Читать книгу Awakers. Пробудители. Том 2 - Катерина Томина - Страница 2
Интро. Мыльные пузыри
Оглавление– Я был бы никудышным кумиром молодёжи.
– Почему? Чего тебе не хватает?
– Героиновой зависимости. Преждевременной смерти. Хотя, может, и то и другое ещё впереди.
Джастин Хэйворд-Янг, The Vaccines
Такая рыжая, что глаза слепит. Рыжая и солнечная. Кожа будто светится, а на ладонях мозоли.
– Тати, – представляется она, протягивая руку.
– Давно на барабанах играешь? – деловито спрашивает Ральф Доэрти, басист и основатель группы. Он хоть и главный, и старший из ребят, они всё равно зовут его Дороти.
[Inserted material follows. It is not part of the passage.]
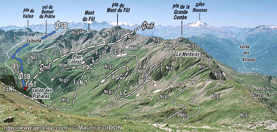 Les affleurements du versant est du Mont du Fût et de Valbuche se situent dans la partie supérieure de la vallée du Nant Brun, qui a fait l'objet d'une plaquette (avec description de 3 itinéraires), réalisée par J.M. Bertrand et A-M. Boullier. |

Ральф не понимает, что «давно» – не главное; главное, что много.
– Мне тоже нравится, когда девчонки на ударных, у них там всё это… ходуном ходит, – шепчет маленький лохматый Майк Эллиот, усердно сжимая гитару, и полагает, что он достаточно невидимый, чтобы быть неслышимым. Краснеет от собственных слов, а солист пихает его плечо и торжественно объявляет хорошо поставленным голосом:
– Принята!
Такой чистенький, будто с плаката слез. Бьёт кулаком в грудь, называя своё имя:
– Трой Гордон!
Напыщенный до смешного. Смазливый. Пьёт шампанское из одноразового фужера, оттопырив мизинец. Осколки второй бутылки валяются на полу в липкой лужице. Традиция такая: бить бутылки в честь больших событий.
– Вытирать кто будет? – возмущается Майк, прихлёбывая пиво из банки.
– Пф-ф! – Трой топчется на месте, стекляшки хрустят под подошвами безупречно начищенных ботинок. – Мы же рокеры, бунтари! Наше дело – наводить беспорядки, а не устранять!
Дымок приторным облачком тянется к потолку, он стряхивает пепел на пол, подмигивает в её сторону:
– Точняк, Солнышко?
На учёбу – строгая форма, а на репетиции – сердитая футболка и кепка, как у Гавроша.
– Тебе не идёт петь «Нирвану», – заявляет она. – Это ничего, мало у кого получается.
– Потому что мне не нравится, – огрызается Трой.
Зато нравится, как она носит майку с Кобэйном, непринуждённо, без фанатизма. А Трой не упускает случая:
– Опять у тебя этот пижон на груди, – тычет пальцем до тех пор, пока не получит по руке.
– Где твои манеры? – ворчит она. – Ты же лицо группы.
– Я не лицо, я – голос, – не соглашается вокалист, а Майк быстро разрешает спор:
– Да жопа он!
Они все употребляют бранные слова, а подзатыльники почему-то достаются только Трою.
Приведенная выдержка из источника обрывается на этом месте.